RECORDED DATA:
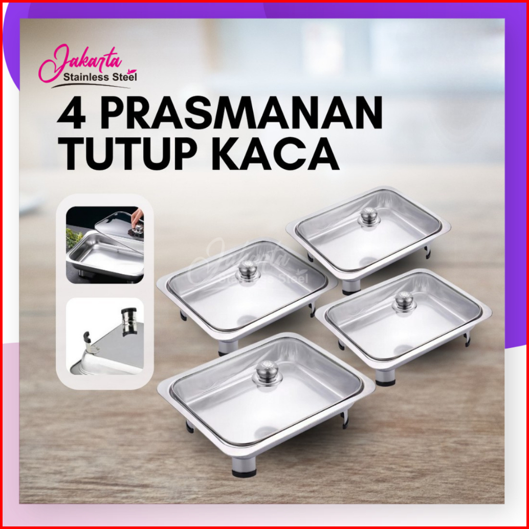 Jakarta Ss - 4 Set Prasmanan Tutup Full Kaca Tebal Nampan Prasmanan Bahan Stainless Steel Premium Tebal Untuk Acara Nika
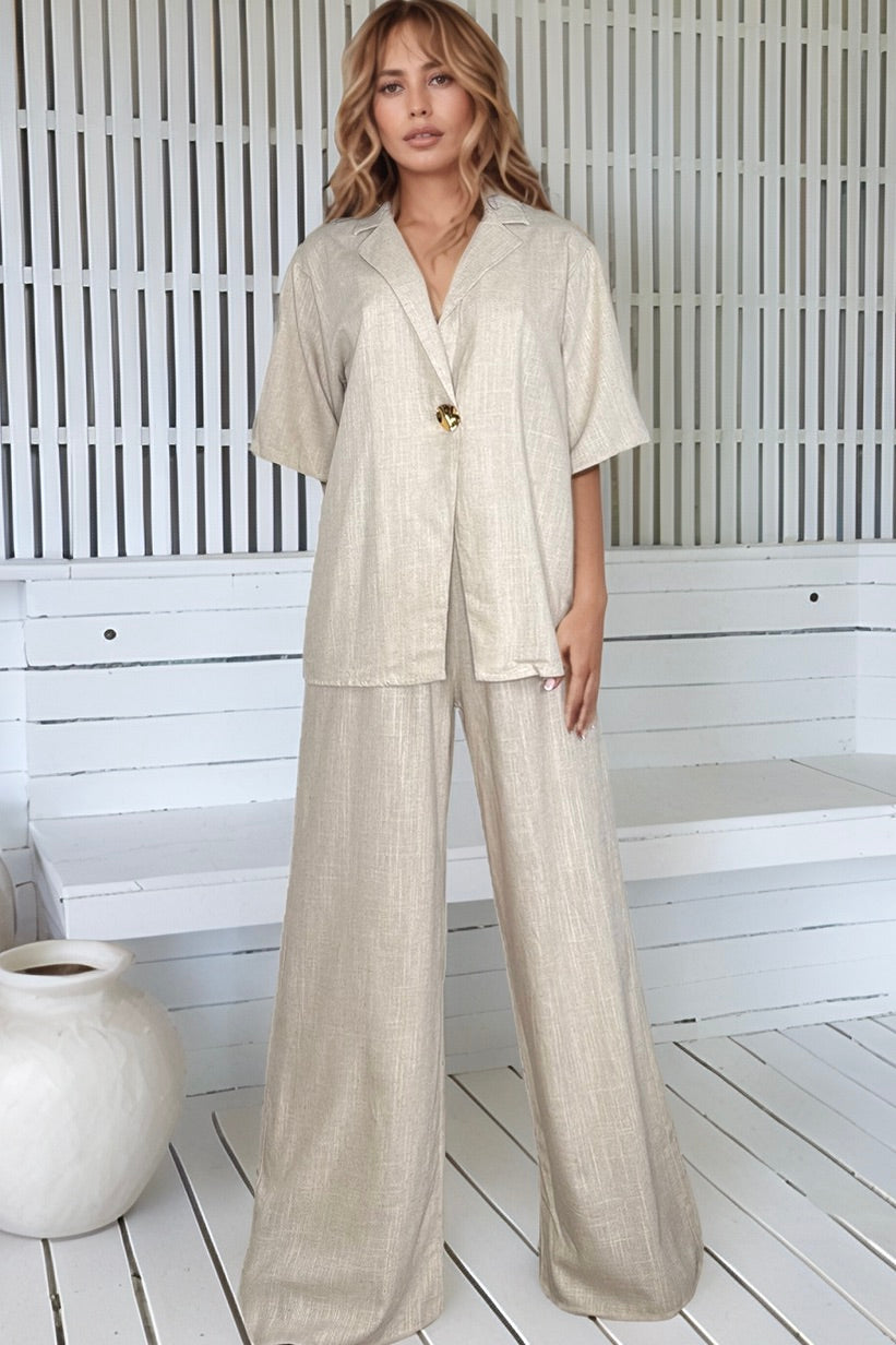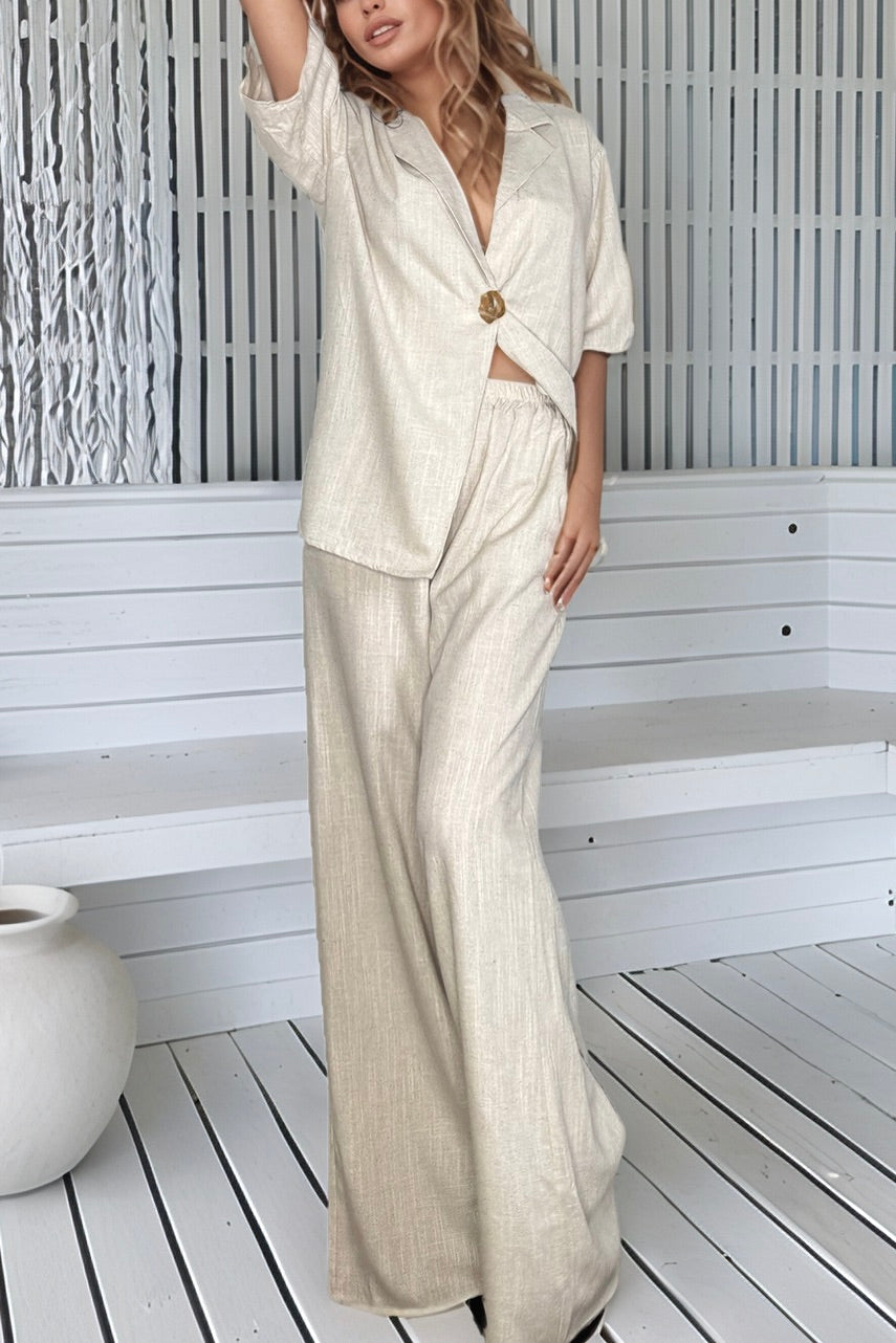 This versatile two-piece can be worn together as a set or styled separately. It features a relaxed cotton-linen look shirt with a classic collar and statement gold buttons, paired with matching relaxed-fit pants for all-day comfort and style.
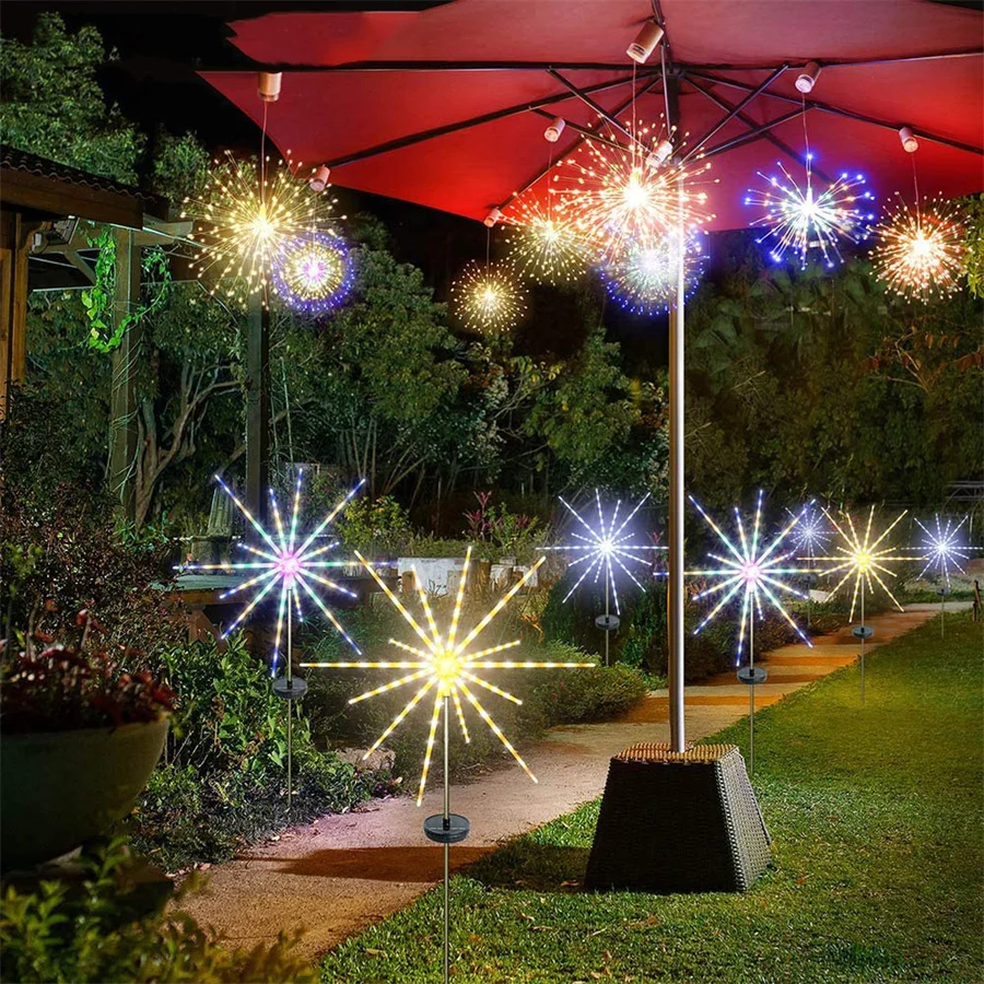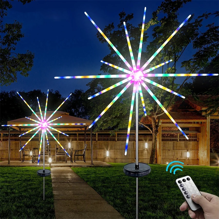 Наружное солнечное декоративное освещение сада с дистанционным управлением, 8 режимов ландшафтного звездного взрыва.
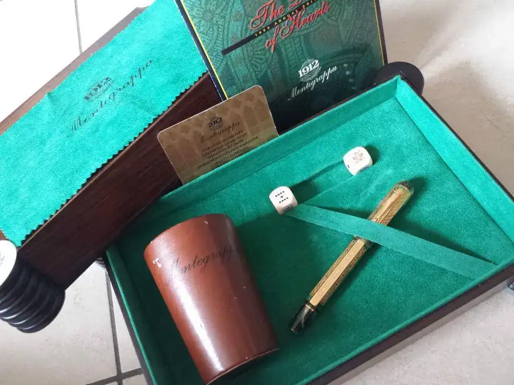 La edición limitada anual de 1999 de la pluma MONTEGRAPPA QUEEN OF HEARTS, realizada en celuloide con camisa de oro de 18 kt grabada, llevaba como obsequio un cubilete forrado en piel y dados de póker, todo ello en una caja con motivos alusivos al juego y forrada con tapete verde de filetro.

EXERCISE REQUIREMENTS:
Write the material above out again exactly as it reads, but don't carry over the pictures.

SOLVED EXERCISE:
 Jakarta Ss - 4 Set Prasmanan Tutup Full Kaca Tebal Nampan Prasmanan Bahan Stainless Steel Premium Tebal Untuk Acara Nika
 This versatile two-piece can be worn together as a set or styled separately. It features a relaxed cotton-linen look shirt with a classic collar and statement gold buttons, paired with matching relaxed-fit pants for all-day comfort and style.
 Наружное солнечное декоративное освещение сада с дистанционным управлением, 8 режимов ландшафтного звездного взрыва.
 La edición limitada anual de 1999 de la pluma MONTEGRAPPA QUEEN OF HEARTS, realizada en celuloide con camisa de oro de 18 kt grabada, llevaba como obsequio un cubilete forrado en piel y dados de póker, todo ello en una caja con motivos alusivos al juego y forrada con tapete verde de filetro.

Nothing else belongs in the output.